* WHAT YOU WILL DO:
The whole listing, except its pictures, is to be repeated exactly.

* SOURCE MATERIAL:
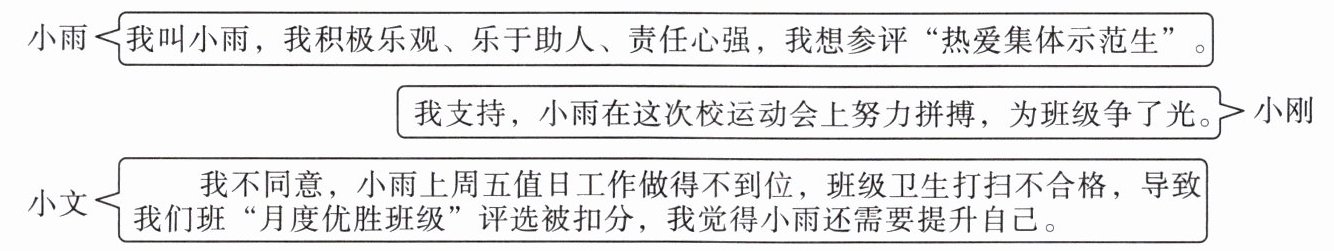 小文<我不同意,小雨上周五值日工作做得不到位,班级卫生打扫不合格,导致我们班“月度优胜班级”评选被扣分,我觉得小雨还需要提升自己。
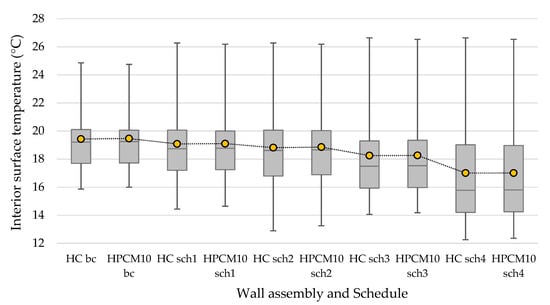 Finally, Figure 16 graphically depicts and compares the interior surface temperature distributions of hempcrete and HPCM10 wall types through their quartiles, averages, and variability outside the upper and lower quartiles. As presented, both wall types had the least variable interior surface temperatures under the BC schedule, whereas the temperatures of SCH4 exhibited the most significant degree of dispersion. These results are due to tighter setpoint and setback temperature ranges implemented in the BC schedule than other control strategies. Furthermore, while hempcrete and HPCM10 walls show similar behavior for the same control strategy, the HPCM10 wall type consistently maintained higher temperatures and a tighter temperature range than the hempcrete assembly. Moreover, Figure 16 provides additional explanations for the differences in the phase change hours between the schedules (see Figure 15). In this respect, the hempcrete and HPCM10 wall types had the lowest average interior surface temperatures under SCH4 and the highest under the BC schedule. As a result, the middle and external layers of the HPCM10 wall had a lower number of phase change hours under SCH4 compared to other controls.
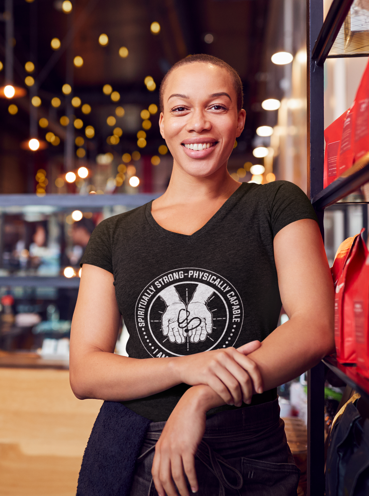 Spiritually Strong Physically Capable Short Sleeve V-Neck T-Shirt
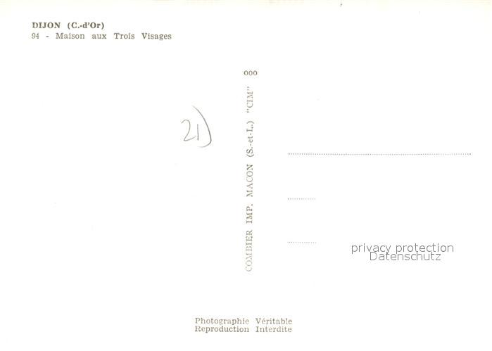 13218435 Dijon 21 Maison aux Trois Visages postalisch nicht gelaufen Erhaltung siehe scans [FriedD77] KatCode: 11170021221231

* WORKED SOLUTION:
 小文<我不同意,小雨上周五值日工作做得不到位,班级卫生打扫不合格,导致我们班“月度优胜班级”评选被扣分,我觉得小雨还需要提升自己。
 Finally, Figure 16 graphically depicts and compares the interior surface temperature distributions of hempcrete and HPCM10 wall types through their quartiles, averages, and variability outside the upper and lower quartiles. As presented, both wall types had the least variable interior surface temperatures under the BC schedule, whereas the temperatures of SCH4 exhibited the most significant degree of dispersion. These results are due to tighter setpoint and setback temperature ranges implemented in the BC schedule than other control strategies. Furthermore, while hempcrete and HPCM10 walls show similar behavior for the same control strategy, the HPCM10 wall type consistently maintained higher temperatures and a tighter temperature range than the hempcrete assembly. Moreover, Figure 16 provides additional explanations for the differences in the phase change hours between the schedules (see Figure 15). In this respect, the hempcrete and HPCM10 wall types had the lowest average interior surface temperatures under SCH4 and the highest under the BC schedule. As a result, the middle and external layers of the HPCM10 wall had a lower number of phase change hours under SCH4 compared to other controls.
 Spiritually Strong Physically Capable Short Sleeve V-Neck T-Shirt
 13218435 Dijon 21 Maison aux Trois Visages postalisch nicht gelaufen Erhaltung siehe scans [FriedD77] KatCode: 11170021221231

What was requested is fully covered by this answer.